QUOD AB OMNIBUS, QUOD UBIQUE, QUOD SEMPER

(Ce qui est admis par tous, partout et toujours.)

XXIII . 1. Mais peut-être dira-t-on : 'N'y aura-t-il alors, dans Église du Christ, aucun progrès de la religion ? - Certes, il faut qu'il y en ait un, et considérable ! Qui serait assez ennemi de l'humanité, assez hostile à Dieu, pour essayer de s'y opposer ?

2. Mais cela à condition que ce soit vraiment pour la foi un progrès et non un changement, étant donné que ce qui constitue le progrès c'est que chaque chose soit augmentée en restant ellemême, tandis que le changement, c'est que s'y ajoute quelque chose venue d'ailleurs.

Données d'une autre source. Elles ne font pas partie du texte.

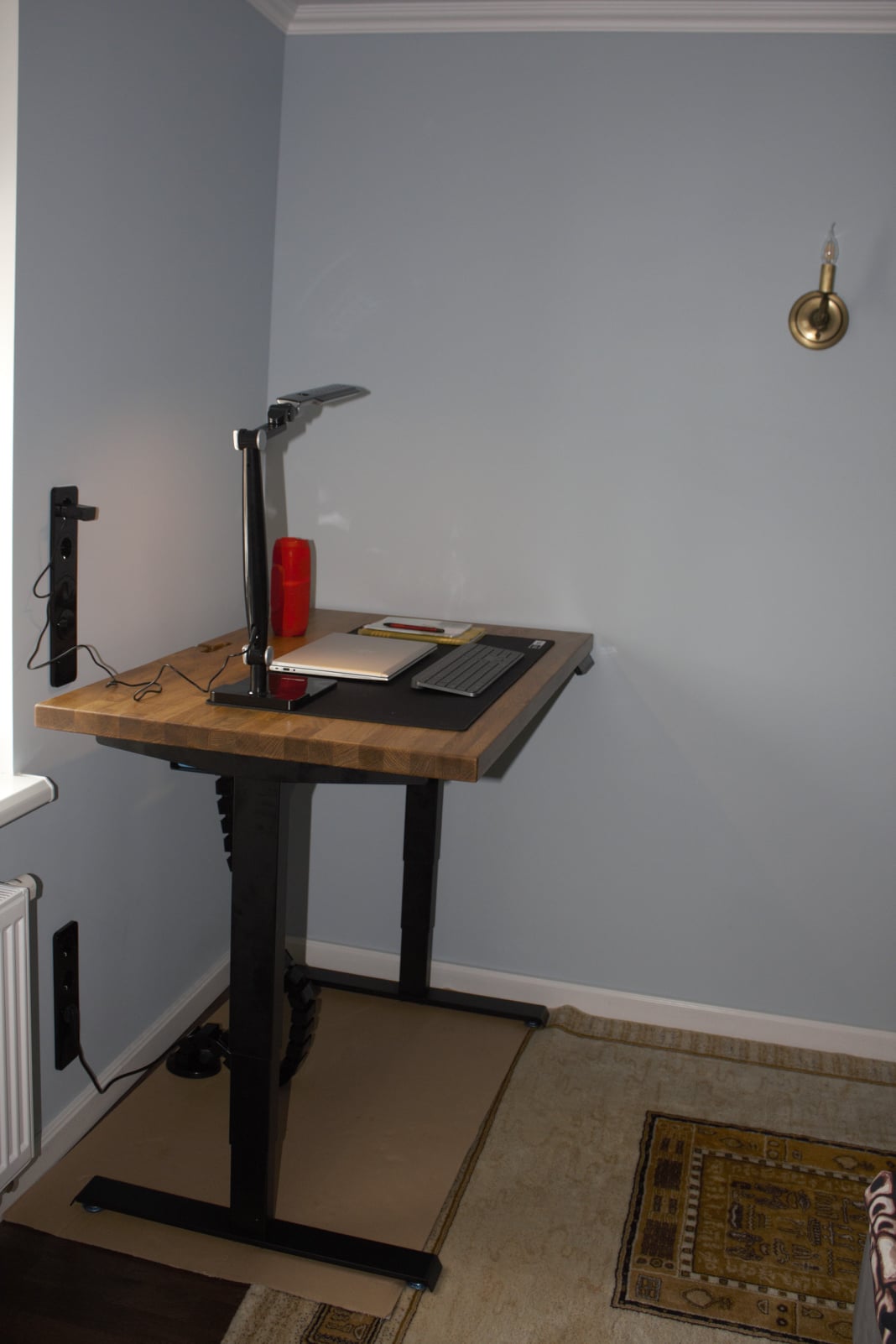 Придбав стіл, оскільки останнім часом багато чув про користь роботи стоячи і хотілося перевірити, чи дійсно це впливає на самопочуття та продуктивність. Перші дні були незвичні: працювати стоячи складніше, ніж здається. В ногах швидко відчувається напруга. На даний момент в основному продовжую роботу сидячи. Для роботи стоячи потрібно більше витривалості. Сам стіл дуже якісний: масивний дубовий масив, зручний, стійкий, нічого не хитається. Серед мінусів: 1) одна з дощечок масиву має білі вкраплення. Вдень нічого непомітно. При освітлені лампою вигладає як пляма. 2) Металева основа має доволі гостре ребро і легко пошкодити ногу 3) Коти навчилися натискати на перемикач висоти стола, коли блокування на пульті відсутнє. @stiystil

3. Donc, que croissent et que progressent largement l'intelligence, la science, la sagesse, tant celle des individus que celle de la collectivité, tant celle d'un seul homme que celle de l'Église tout entière, selon les âges et selon les générations ! — mais à condition que ce soit exactement selon leur nature particulière, c'est-à-dire dans le même dogme, dans le même sens, et dans la même pensée.

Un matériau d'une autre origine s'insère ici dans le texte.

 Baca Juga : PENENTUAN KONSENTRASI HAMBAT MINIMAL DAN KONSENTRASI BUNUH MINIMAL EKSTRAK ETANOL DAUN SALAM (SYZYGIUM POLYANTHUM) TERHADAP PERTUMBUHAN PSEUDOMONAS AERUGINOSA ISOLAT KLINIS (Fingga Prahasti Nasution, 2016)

4. Que la religion des âmes imite le développement des corps, qui, tout en déployant et en étendant leurs proportions avec les années, restent pourtant constamment les mêmes. 5. Il y a beaucoup de différence entre la fleur de l'enfance et la maturité de la vieillesse, mais ce sont les mêmes hommes qui ont été adolescents et qui deviennent vieillards, si bien que, même si la taille et l'extérieur d'un seul et même homme se modifient, subsiste néanmoins en lui une seule et même nature, une seule et même personne. Les organes des enfants à la mamelle sont petits, ceux des jeunes gens sont grands : ce sont pourtant les mêmes. 6. Autant de membres chez les tout-petits, autant chez les hommes faits, et s'il y en a quelque part qui apparaissent en un âge plus mûr, déjà ils existaient virtuellement en germe, en sorte que rien de nouveau n'apparaît chez les gens âgés qui auparavant déjà n'ait été caché dans les enfants. 7. Il n'est donc pas douteux que telle est la règle légitime et correcte du progrès, tel est l'ordre précis et magnifique de la croissance : c'est que le nombre des années fasse toujours apparaître chez les hommes, à mesure qu'ils grandissent, les parties et les formes que la sagesse du Créateur avait d'avance tracées chez les enfants. 8. Si une forme humaine prenait ultérieurement une apparence tout à fait étrangère à son espèce, si tel ou tel membre était, soit ajouté, soit retranché, fatalement le corps entier périrait ou deviendrait monstrueux ou, en tous cas, subirait une déchéance. 9. Ces lois du progrès doivent normalement s'appliquer également au dogme chrétien ; qu'il soit consolidé par les années, développé par le temps, rendu plus auguste par l'âge, mais qu'il demeure sans corruption et inentamé, qu'il soit complet et parfait dans toutes les dimensions de ses parties et, pour ainsi parler, dans tous les membres et dans tous les sens qui lui sont propres, qu'il n'admette après coup aucune altération, aucune perte de ses caractères spécifiques, aucune variation dans ce qu'il a de défini.